What do others think?
We rely on the rounding up in a few other places and it's been doing
that for a decade. Maybe lampshade it for the benefit of the reader:
/* Will converge on zero, but reclaim enforces a minimum */
but otherwise there is IMO no need to have defensive extra code.
Hello.
On Wed, Jan 31, 2024 at 04:24:41PM +0000, "T.J. Mercier" <[email protected]> wrote:
> reclaimed = try_to_free_mem_cgroup_pages(memcg,
> - min(nr_to_reclaim - nr_reclaimed, SWAP_CLUSTER_MAX),
> + max((nr_to_reclaim - nr_reclaimed) / 4,
> + (nr_to_reclaim - nr_reclaimed) % 4),
The 1/4 factor looks like magic.
Commit 0388536ac291 says:
| In theory, the amount of reclaimed would be in [request, 2 * request).

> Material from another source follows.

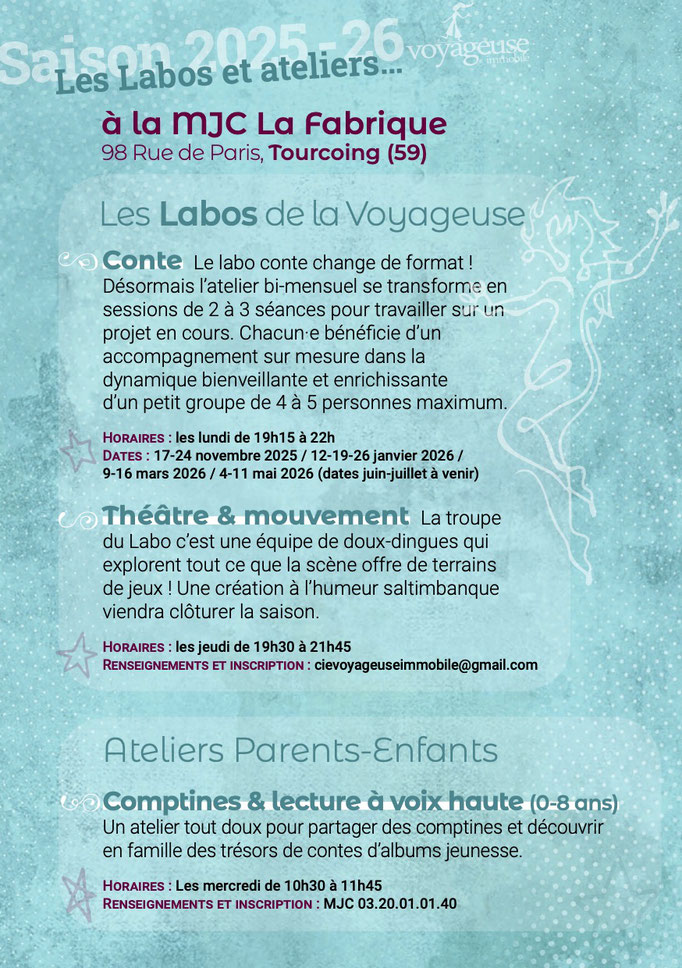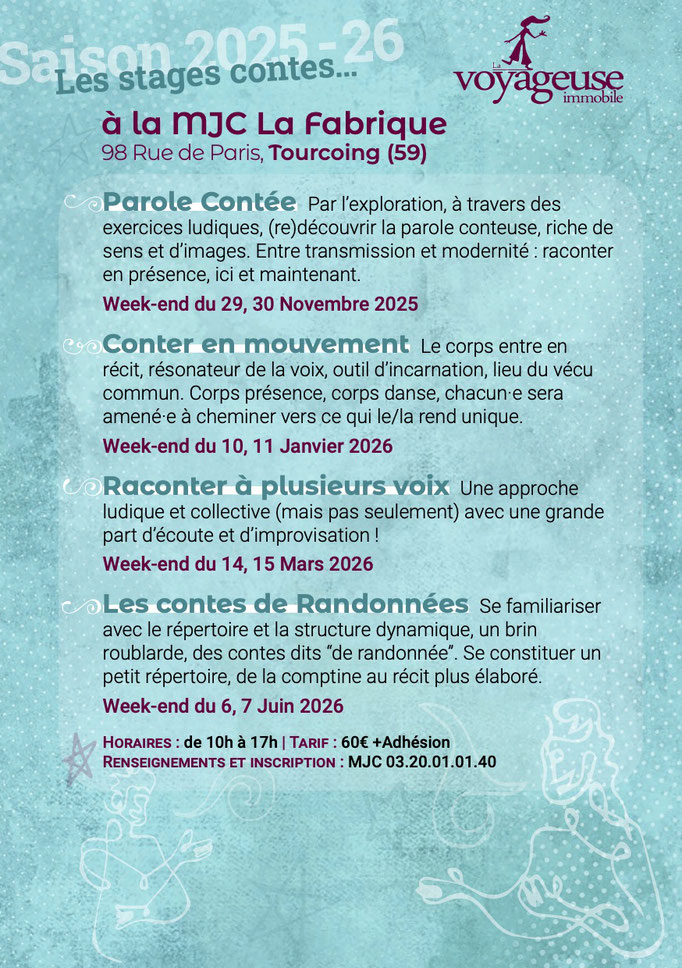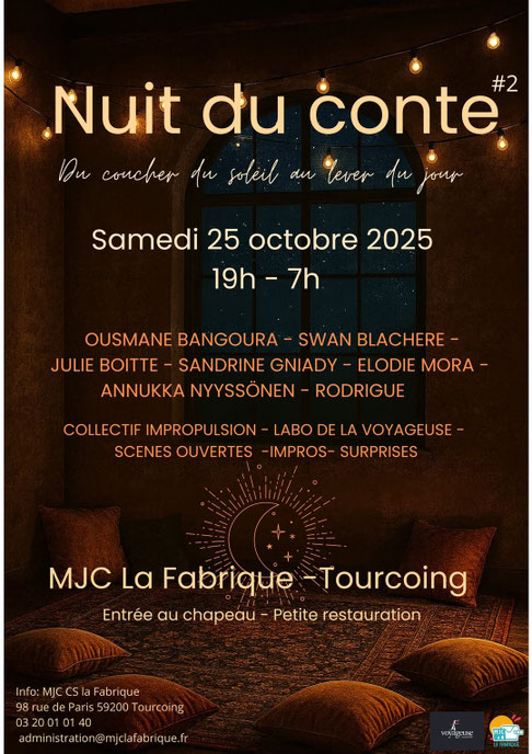 La Voyageuse se réjouit de vous accueillir pour la 2ème Nuit du conte, le samedi 25 octobre à partir de 19h à la MJC La Fabrique (Tourcoing).

Doesn't this suggest 1/2 as a better option? (I didn't pursue the
theory.)
Also IMO importantly, when nr_to_reclaim - nr_reclaimed is less than 8,
the formula gives arbitrary (unrelated to delta's magnitude) values.
Regards,
Michal
On Thu, Feb 01, 2024 at 02:57:22PM +0100, Michal Koutn? wrote:
> Hello.
>
> On Wed, Jan 31, 2024 at 04:24:41PM +0000, "T.J. Mercier" <[email protected]> wrote:
> > reclaimed = try_to_free_mem_cgroup_pages(memcg,
> > - min(nr_to_reclaim - nr_reclaimed, SWAP_CLUSTER_MAX),
> > + max((nr_to_reclaim - nr_reclaimed) / 4,
> > + (nr_to_reclaim - nr_reclaimed) % 4),
>
> The 1/4 factor looks like magic.
It's just cutting the work into quarters to balance throughput with
goal accuracy. It's no more or less magic than DEF_PRIORITY being 12,
or SWAP_CLUSTER_MAX being 32.
> Commit 0388536ac291 says:
> | In theory, the amount of reclaimed would be in [request, 2 * request).
Looking at the code, I'm not quite sure if this can be read this
literally. Efly might be able to elaborate, but we do a full loop of
all nodes and cgroups in the tree before checking nr_to_reclaimed, and
rely on priority level for granularity. So request size and complexity
of the cgroup tree play a role. I don't know where the exact factor
two would come from.
IMO it's more accurate to phrase it like this:
Reclaim tries to balance nr_to_reclaim fidelity with fairness across
nodes and cgroups over which the pages are spread. As such, the bigger
the request, the bigger the absolute overreclaim error. Historic
in-kernel users of reclaim have used fixed, small request batches to
approach an appropriate reclaim rate over time. When we reclaim a user
request of arbitrary size, use decaying batches to manage error while
maintaining reasonable throughput.
> Doesn't this suggest 1/2 as a better option? (I didn't pursue the
> theory.)
That was TJ's first suggestion as well, but as per above I suggested
quartering as a safer option.
> Also IMO importantly, when nr_to_reclaim - nr_reclaimed is less than 8,
> the formula gives arbitrary (unrelated to delta's magnitude) values.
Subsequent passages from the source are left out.